In the media last week it was widely reported that Reactor 4 at Hunterston B power station has been given permission to restart by the Office for Nuclear Regulation (ONR), following a long shutdown period. This is excellent news for low carbon generation of electricity, but what was the issue that EDF Energy discovered, why is it important and what did they do about it?
A nuclear power station requires a safety case to operate, in short, a demonstration that risks are understood, tolerable and minimised. In the EDF Energy Advanced Gas Cooled Reactors (AGRs), the core is made up of several thousand bricks of graphite, graphite being a suitable material for neutron moderation to promote nuclear fission.
When manufactured, the graphite was machined, with holes in the middle for fuel or control rods to be inserted. The periphery of the bricks have notches, or what are called keyways to enable the bricks to slot together, a bit like Lego bricks. There are also graphite keys that sit horizontally between bricks to help with structural integrity.
As the bricks are subjected to irradiation from neutrons (from nuclear fission in the fuel), changes take place at the atomic level which manifest in stresses that progressively build up. These stresses are modelled in computer codes to crucially predict future behaviour. It was always predicted by EDF Energy engineers that the bricks would begin to crack later in life, initially at the centre of the brick and later at the periphery.

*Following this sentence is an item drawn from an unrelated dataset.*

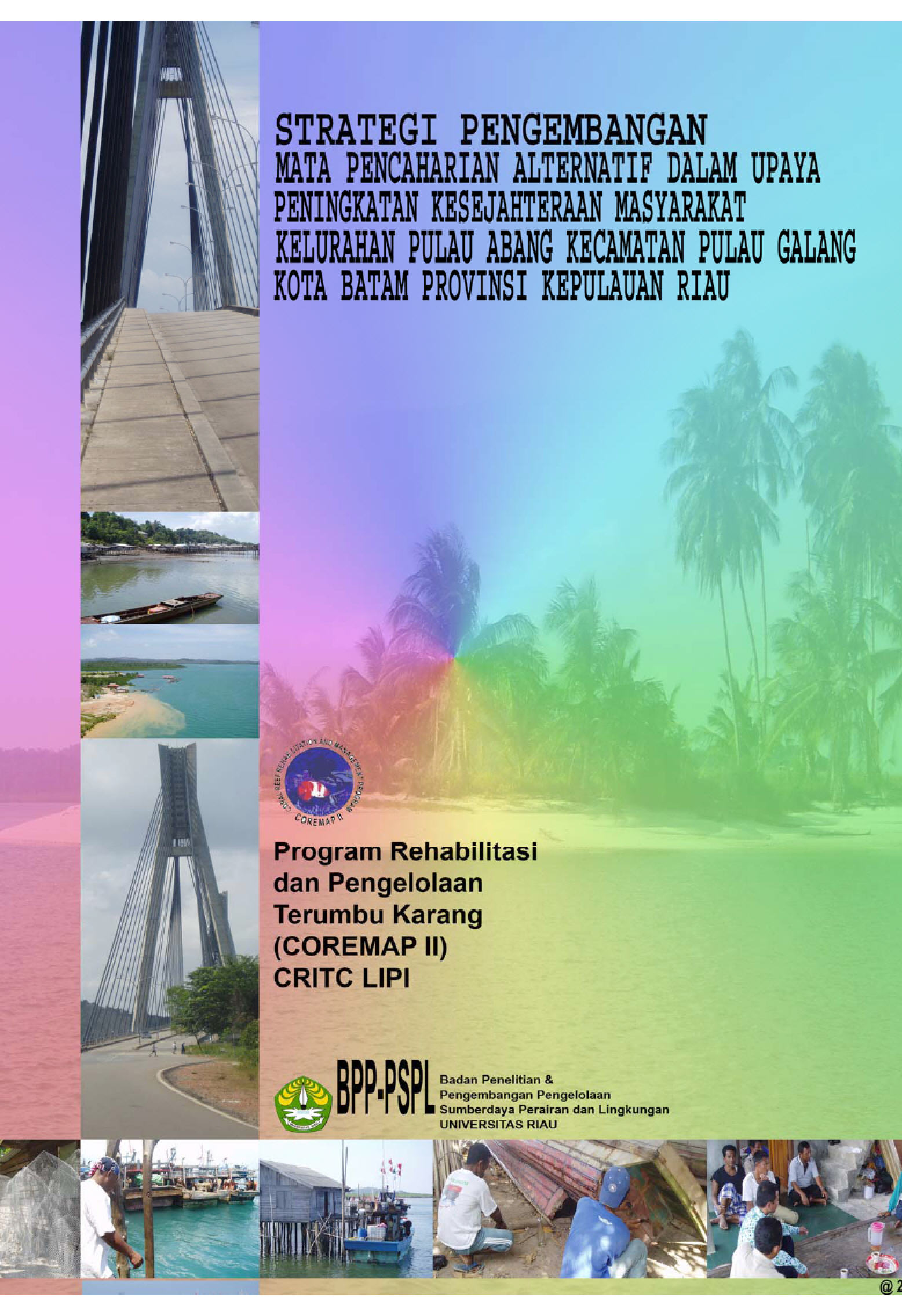 Untuk meningkatkan pendapatan nelayan yang sekaligus meningkatkan kesejahteraan keluarganya dari satu sisi dan mengurangi eksploitasi sumberdaya perikanan serta degradasi habiatnya khususnya terumbu karang di sisi lainnya, harus dikembangkan mata pencaharian alternatif bagi nelayan. Namun untuk mengembangkan usaha alternatif tersebut memerlukan strategi mengingat dari satu sisi sangat tidak mudah untuk memulai sesuatu usaha yang baru bagi masyarakat nelayan yang tingkat ketergantungannya sangat tinggi terhadap sumberdaya perikanan, sedangkan disisi lain suatu usaha yang baru bisanya juga rentan untuk bertahan. Strategi yang dimaksud antara lain: 1) Memilih usaha yang telah ada dilakukan oleh masyarakat di lokasi studi sehingga usaha tersebut paling tidak telah dikenal oleh masyarakat; 2) Memilih usaha disamping layak dikembangkan berdasarkan pertimbangan variabel teknis, juga layak secara finansial, dimana hal ini diperkirakan suatu tolok ukur dari pada keberlangsungan atau kontinuitas komoditi yang dihasilkan dari suatu usaha yang akan dikembangkan; 3) Menentukan strategi pengembangannya berdasarkan pertimbangan faktor internal dan eksternalnya yang merupakan langkah konkrit yang perlu dilakukan disamping untuk mewujudkan usaha-usaha tersebut, juga berkaitan dengan keberlangsungan dan pengembangannya. Untuk itu perlu dilakukan suatu studi yang secara umum untuk mengetahui strategi pengembangan usaha alternatif di lokasi studi. Sedangkan secara khusus bertujuan untuk mengetahui : jenis-jenis mata pencaharian alternatif yang ada di Kelurahan Pulau Abang; jenis mata pencaharian yang layak dikembangkan berdasarkan pertimbangan variabel teknis dan kelayakan finansial usaha dan strategi pengembangan usaha alternatif berdasarkan pertimbangan faktor internal dan eksternalnya.
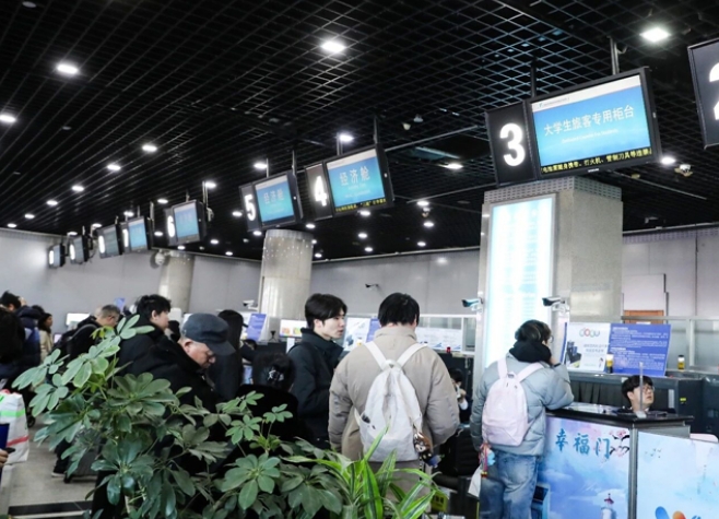 ????????2月2日8時(shí)許,威海站候車大廳已是人頭攢動(dòng)。旅客們帶著大包小包,在晨光中有序進(jìn)站候車。在威海工作的河南人劉超,行李中塞滿了海鮮等特產(chǎn)。望向歸途,他眼里滿是回家的期盼。

Cracks at the centre of the brick are of no concern, but cracking at the periphery can start to affect the geometry of the core, and thus, careful modelling and inspection of the core is required to:
a) justify a safe level of cracking that still leaves adequate margin to ensure unimpeded movement of control rods and fuel,
b) understand the current core state to predict future levels of cracking over the next period of operation.
What’s been done
When Reactor 4 was shutdown last year, the level of cracking was found to be close to the operational limit, but still well within the limits set in the safety case to ensure nuclear safety. To preserve the margins in the safety case, EDF in conjunction with leading consultancies and academics at universities across the UK conducted an extensive research programme to justify a higher tolerance to cracking, and as a result have demonstrated through a extensively peer reviewed safety case that even in the most extreme conditions, control of the reactor and all control rods is assured.
EDF will continue to monitor the core and so will perform frequent graphite inspections, enabling them to continue to demonstrate that the reactor operates with large margins to ensure safe operation at all times.